2026-06-24 · Avery NXR

Every founder has at least one KPI dashboard they wish existed but never built. The data lives across multiple systems. Getting it into one view requires either expensive BI tooling, a data engineer, or weeks of manual SQL writing.

For Avery Software, we wanted a daily KPI view that pulled from: → Stripe (revenue, MRR, churn) → Mixpanel (product usage) → HubSpot (pipeline, deals) → GitHub (engineering velocity) → Linear (issue throughput) → Internal Postgres (custom metrics)

We didn't want to pay for Tableau, Looker, or Sigma. We didn't want to spend weeks on dbt + Metabase setup. We didn't want a dedicated data role yet.

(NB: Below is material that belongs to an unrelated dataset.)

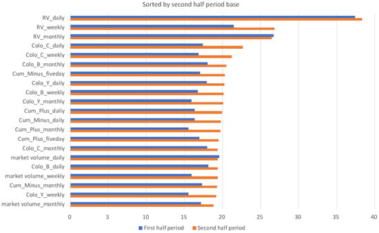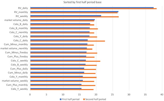 To examine the effect of the TSE Co-Location, we split the total observation period (1 March 2012 to 31 October 2019) into two periods to consider the effect of Arrowhead renewal in 2015: the first half period (1 March 2012 to 23 September 2015) and the second half period (24 September 2015 to 31 October 2019). For each period, we build a model in the same framework as in the previous sub-sub section to compare the differences in important variables between the first and second half periods from a time-series perspective. Figure 4 and Figure 5 show the important variables in the first and second half periods, sorted in descending order based on each period. Considering the changes in the importance of variables, RV remains an important variable in both the first and second half periods. However, in the categories excluding RV, the importance of the TSE Co-Location dataset increased overall and ranked higher from the first half period to the second half period. In particular, the increase in Colo_C was remarkable. Colo_C occupies the second position in the second half period, following RV. Colo_B ranks in the top three, but this category is less important in the TSE Co-Location dataset than in the first half period. This suggests that information on the order status of HFT among market participants is more valuable than that of what is bought or sold. It is interesting to recognize this trend as an increase in HFTs. In contrast, Colo_Y was not as important in both periods. In fact, remember the flow of order → execution → trading volume, when an order is filled, that number is reflected in the trading volume. From this, we think that it is possible to interpret that Colo_Y is not an important variable because it has a strong meaning between order and trading volume.

So we built it with Avery NXR agents. Took about 6 hours total. Here's how.

The architecture

The dashboard isn't a single dashboard in the traditional sense. It's a daily email that lands in our inbox at 7 AM with the KPIs we care about.

Reasoning: we don't need real-time. We need daily awareness. Email is the surface that's already part of our morning routine. A dashboard webpage adds a step we'd forget to take.

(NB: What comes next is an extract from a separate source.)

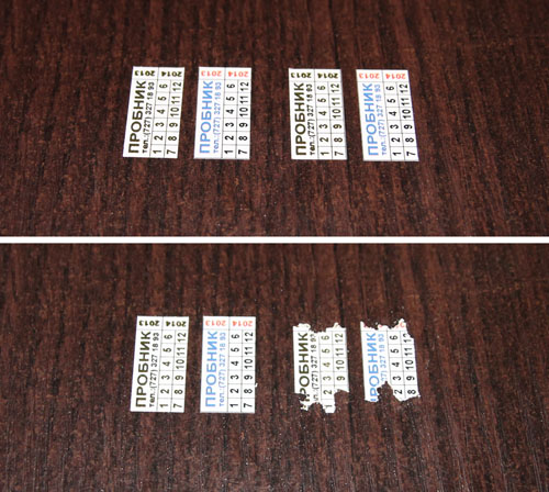 Принцип действия пломбы - стикеры наклеиваются на предмет, и любая попытка несанкционированного вскрытия приводит к необратимому изменению внешнего вида наклейки (она саморазрушается, крошится).

The KPI email is composed by a single coordinator agent that pulls from multiple sub-agents, each handling one data source.

The agent structure

Coordinator agent: "Daily KPI digest"

Triggers: scheduled, every weekday at 6:45 AM.

Steps:

  1. Call Stripe sub-agent → get revenue metrics
  2. Call Mixpanel sub-agent → get product usage
  3. Call HubSpot sub-agent → get pipeline state
  4. Call GitHub sub-agent → get engineering throughput
  5. Call Linear sub-agent → get issue resolution data
  6. Call Postgres sub-agent → get custom metrics
  7. Compose summary email
  8. Send to founders' inboxes

The composition step uses an LLM call to write the summary in our preferred style (concise, with deltas vs. previous day/week, highlighting anything anomalous).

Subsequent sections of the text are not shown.